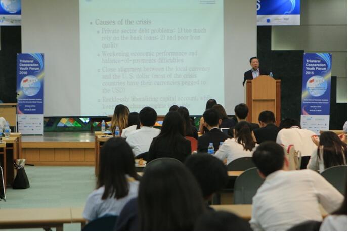 2016年8月13-15日,受韩国东北亚基金会和韩国“未来希望协会”的邀请,公司best365足球官网国际金融研究中心主任张礼卿教授在韩国庆熙大学参加了“2016年三边合作青年论坛”,并做了“亚洲金融合作和人民币国际化”的主题演讲。在演讲中,张教授首先全面回顾了1997年的亚洲金融危机的原因和后果,强调这次危机给有关国家带来了巨大的灾难,各国应努力避免类似的情况重演。接着,张教授从理论阐述到经验分析,论证了加强亚洲货币金融合作对于防范该地区金融危机的重要性,并且分析了亚洲货币金融合作所面临的机遇、挑战和政策选择。随后,张教授向参会者介绍了人民币国际化的发展进程和前景,以及在亚洲货币金融合作中的积极作用。在讲演过程中,还张教授还回答了青年员工们提出的各种问题,其中包括人民币汇率波动、中国加快开放资本账户和人民币国际化对亚洲国家经济的影响等。来自中国、日本和韩国的近200名在校老员工参加了本次论坛并对张教授的讲演表示了浓厚的兴趣。
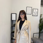 Non disponibileBlazer oversize con cintura in vita, effetto scamosciato. Veste bene dalla S alla L
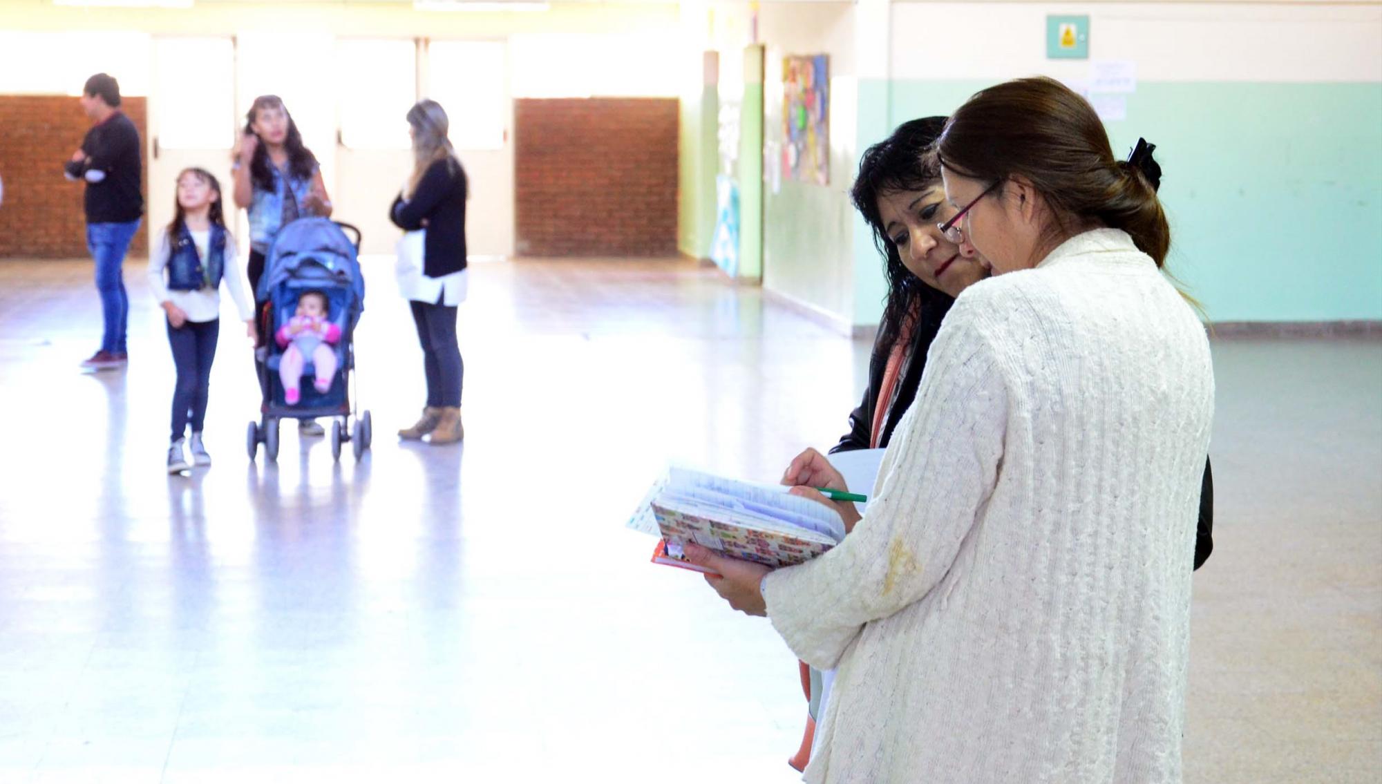 Si bien las clases fueron suspendidas los directivos y docentes mantuvieron la actividad en una especie de formato virtual con el acompañamiento de los padres de los alumnos. Se pudo observar un permanente movimiento de adultos que acompañaron a sus hijos para retirar las planillas de tarea que entregan los docentes o bien a corregir lo realizado. En total son nueve las secciones de la mañana y 10 las de la tarde.
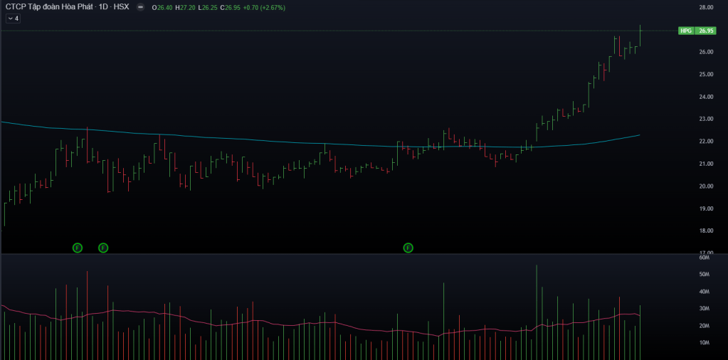 Trụ VCB đóng vai trò lớn trong điểm số của VNI khi có lúc tăng hơn 2%, góp 2 điểm cho VNINDEX. HPG vẫn rất khỏe, và rất xứng đáng thành trụ dẫn cho VNI giai đoạn này. Tây vẫn liên tục mua vào HPG, và trong một tháng trở lại đây giá trị mua ròng từ Tây là hơn 1700 tỷ. Dự kiến lò cao cuối cùng của HPG ở khu liên hợp Dung Quất sẽ được mở lại trong tháng 7 này và 7 lò cao của HPG sẽ được vận hành đầy đủ vào cuối tháng. Chi phí để mở lại lò cao trong khoảng 30-40 tỷ.

◆ ◆ ◆ ◆

▶ **Work order**:
Give the data again exactly as it appears, but without any images.

▶ **Worked solution**:
 2016年8月13-15日,受韩国东北亚基金会和韩国“未来希望协会”的邀请,公司best365足球官网国际金融研究中心主任张礼卿教授在韩国庆熙大学参加了“2016年三边合作青年论坛”,并做了“亚洲金融合作和人民币国际化”的主题演讲。在演讲中,张教授首先全面回顾了1997年的亚洲金融危机的原因和后果,强调这次危机给有关国家带来了巨大的灾难,各国应努力避免类似的情况重演。接着,张教授从理论阐述到经验分析,论证了加强亚洲货币金融合作对于防范该地区金融危机的重要性,并且分析了亚洲货币金融合作所面临的机遇、挑战和政策选择。随后,张教授向参会者介绍了人民币国际化的发展进程和前景,以及在亚洲货币金融合作中的积极作用。在讲演过程中,还张教授还回答了青年员工们提出的各种问题,其中包括人民币汇率波动、中国加快开放资本账户和人民币国际化对亚洲国家经济的影响等。来自中国、日本和韩国的近200名在校老员工参加了本次论坛并对张教授的讲演表示了浓厚的兴趣。
 Non disponibileBlazer oversize con cintura in vita, effetto scamosciato. Veste bene dalla S alla L
 Si bien las clases fueron suspendidas los directivos y docentes mantuvieron la actividad en una especie de formato virtual con el acompañamiento de los padres de los alumnos. Se pudo observar un permanente movimiento de adultos que acompañaron a sus hijos para retirar las planillas de tarea que entregan los docentes o bien a corregir lo realizado. En total son nueve las secciones de la mañana y 10 las de la tarde.
 Trụ VCB đóng vai trò lớn trong điểm số của VNI khi có lúc tăng hơn 2%, góp 2 điểm cho VNINDEX. HPG vẫn rất khỏe, và rất xứng đáng thành trụ dẫn cho VNI giai đoạn này. Tây vẫn liên tục mua vào HPG, và trong một tháng trở lại đây giá trị mua ròng từ Tây là hơn 1700 tỷ. Dự kiến lò cao cuối cùng của HPG ở khu liên hợp Dung Quất sẽ được mở lại trong tháng 7 này và 7 lò cao của HPG sẽ được vận hành đầy đủ vào cuối tháng. Chi phí để mở lại lò cao trong khoảng 30-40 tỷ.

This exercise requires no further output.